Martin St. George has been named President of JetBlue Airways Corporation, starting February 26, 2024, the company announced on February 7, 2024

.After more than thirty years in the airline business in both North America and Europe, Mr. St. George, fifty-nine, most recently held the position of Chief Commercial Officer of LATAM Airlines Group S.A., starting in 2020. Mr. St. George began serving as Norwegian Air Shuttle ASA’s interim chief commercial officer in 2019 before joining LATAM. He held a number of executive roles with JetBlue from 2006 to 2019, including Chief Commercial Officer from 2015 to 2019. Mr. St.

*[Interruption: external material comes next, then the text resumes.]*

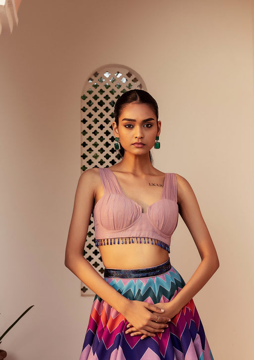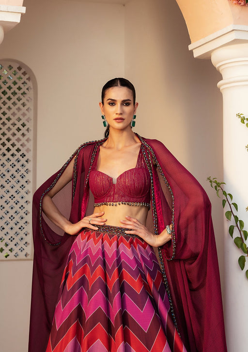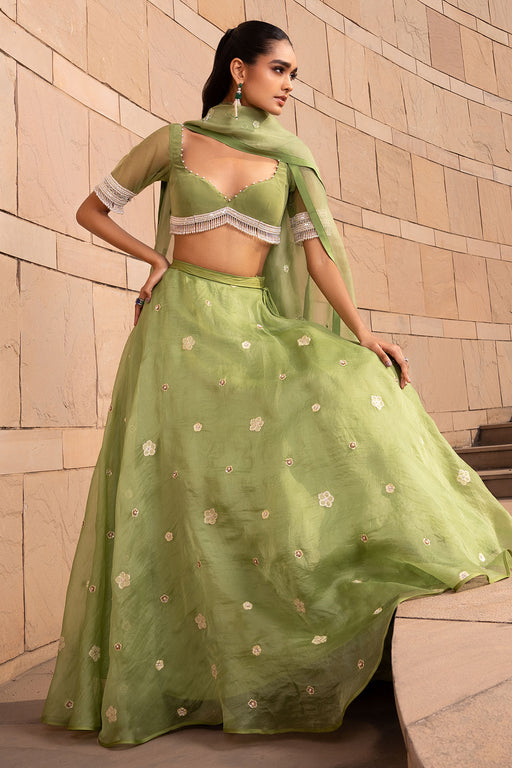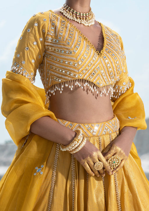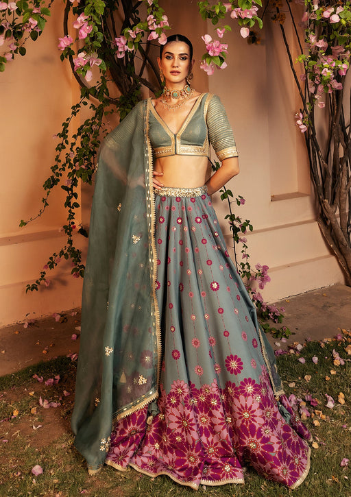 The Gul Lehenga by Muditaa By Urmila is a luxurious ethnic ensemble crafted from Italian satin. It features a net dupatta that is heavily adorned w...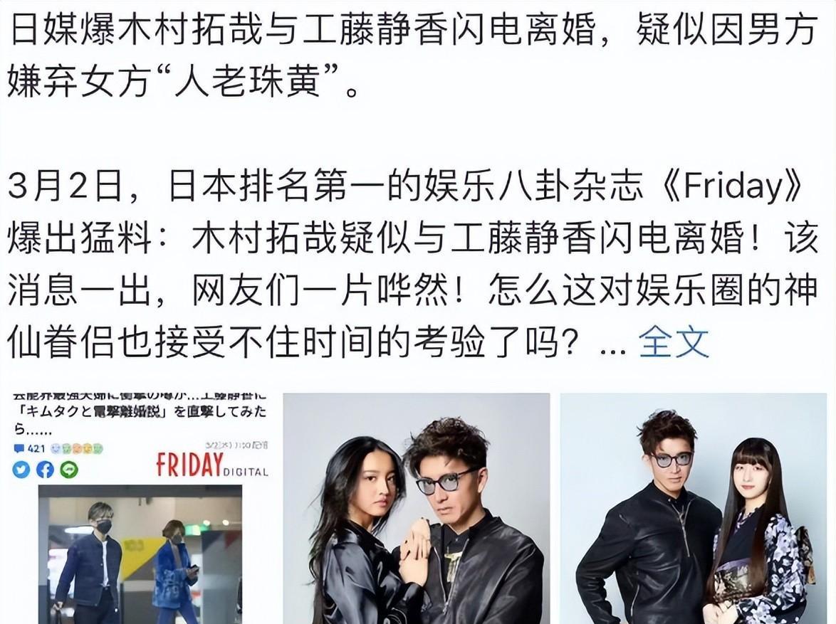 离异原因被传工藤静香人老珠黄,青春不再,被木村拓哉嫌弃。...

George graduated from the Massachusetts Institute of Technology with a degree in civil engineering.The Company signed an offer letter with Mr. St. George in connection with his appointment, which states that he will get a basic pay of $625,000 per year. A target bonus, equivalent to no less than 125% of his yearly base salary, will also be available to him, contingent on both individual and company performance. This incentive will be paid in 2024. The offer letter from Mr. St. George stipulates a $500,000 sign-on incentive that is contingent on success. The bonus is given out in two equal payments; the first is paid thirty days after the employee’s start date, and the second is paid thirty days after the employee’s start date anniversary. If Mr. St. George does not reach the performance targets or is not employed actively through February 15, 2026, the bonus may be refunded.The JetBlue Airways Corporation 2020 Omnibus Equity Incentive Plan will also entitle Mr. St. George to yearly long-term incentive equity awards. The target value of his 2024 award is $2,000,000. Of that amount, 50% will be restricted stock units, which vest in equal annual installments starting on the first anniversary of the grant date, provided he continues to be employed. The remaining 50% will be performance stock units, which vest in accordance with the Company’s performance over a three-year performance period. Furthermore, Mr. St. George will be eligible for retirement eligible vesting requirements that pertain to the Company’s equity award program once again if he continues to serve the Company continuously for an additional three years.